Paket Komitmen ke-7 di Bidang Jasa Keuangan ASEAN dibangun atas semangat untuk menarik modal asing masuk ke industri jasa keuangan di Indonesia. Namun, pada saat yang sama, Paket Komitmen ke-7 diharapkan menjadi peluang bagi para penyedia jasa keuangan Indonesia untuk dapat melakukan ekspansi usaha ke negara-negara tetangga di kawasan ASEAN.
"Sejak terbentuknya Masyarakat Ekonomi ASEAN (MEA) tahun 2015, maka ASEAN terus dikembangkan menjadi pasar tunggal dimana barang dan jasa dapat masuk dengan bebas. Paket-paket liberalisasi terus ditambah, termasuk dengan Paket Komitmen ke-7 di Bidang Jasa Keuangan yang hari ini kita bahas dalam Pembicaraan Tingkat I di Komisi XI DPR RI," katanya.
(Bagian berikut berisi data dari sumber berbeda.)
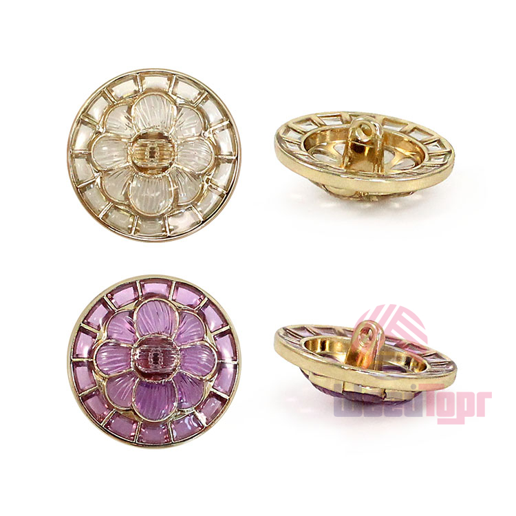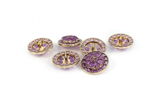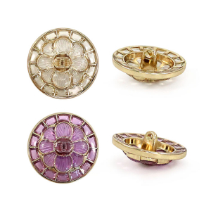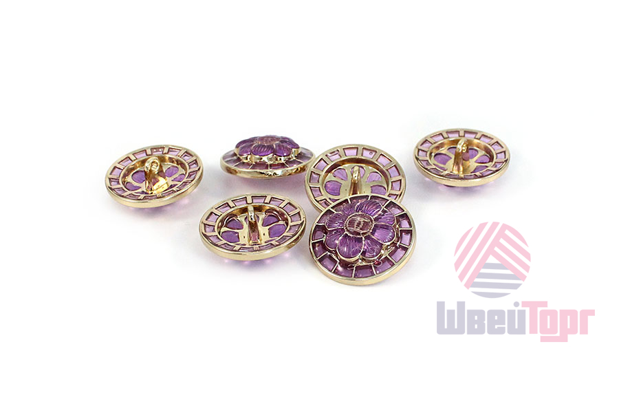 Украсьте изделие по-настоящему стильной и оригинальной пуговицей, которая непременно привлечёт внимание. В основе лежит прочный металлический каркас, декорированный накладным элементои в форме изящного цветка. Пуговица выполнена в сочетании металла с прозрачным акрилом нежных оттенков. Сочетание золотистой основы с полупрозрачным пурпурным или белым цветом создаёт утончённый и эффектный вид, добавляющий шарм любой вещи. Выберите свой вариант из двух цветовых комбинаций: белый с золотом или пурпурный с золотом.
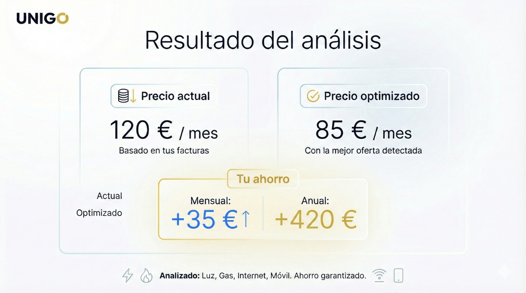 Sube una factura y UNIGO detecta oportunidades de ahorro en luz, gas, seguros e internet.

"Pemerintah Indonesia melalui Rencana Pembangunan Jangka Menengah Nasional (RPJMN) 2020-2024 menargetkan sumbangan sektor jasa terhadap
Produk Domestik Bruto (PDB) naik, dari 5,76 (data tahun 2015-2018) menjadi 9,8 persen pada tahun 2024. Sebuah target yang tidak mudah mengingat rasio ekspor Indonesia terus menurun, dari 41 persen pada tahun 2000 menjadi 21 persen pada tahun 2018," jelasnya.
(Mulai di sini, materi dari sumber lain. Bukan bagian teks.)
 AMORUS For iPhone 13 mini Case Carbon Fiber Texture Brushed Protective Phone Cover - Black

Kini, di tengah pandemi COVID-19 yang memukul perekonomian nasional, tantangan bertambah lebih berat lagi. Belum lama ini saja kita membaca berita, lebih Rp125 triliun dana asing keluar dari Indonesia. Ada beberapa hal yang harus dicatat dan diketahui dari Fraksi Gerindra.
"Pertama, komitmen yang disampaikan Indonesia pada Protokol ke-7 tidak menambah perluasan akses pasar. Indonesia hanya memperjelas komitmen non- ure insurance menjadi konvensional dan takaful/syariah. Komitmen yang disampaikan oleh Indonesia dalam Protokol ini meliputi seluruh komitmen Indonesia dalam Protokol Keenam beserta tambahan penjelasan mengenai conventional and takaful insurance pada jasa non-life insurance yang sebelumnya telah dikomitmenkan pada WTO,"paparnya.
"Kedua, pengesahan potokol ke-7 tidak mewajibkan Indonesia untuk mengubah peraturan yang ada. Melalui komitmen Protokol ke-7, Indonesia menegaskan pemberian izin bagi investor ASEAN untuk membuka jasa asuransi umum baik konvensional maupun syariah dengan batas kepemilikan asing sesuai peraturan yang berlaku," pungkasnya.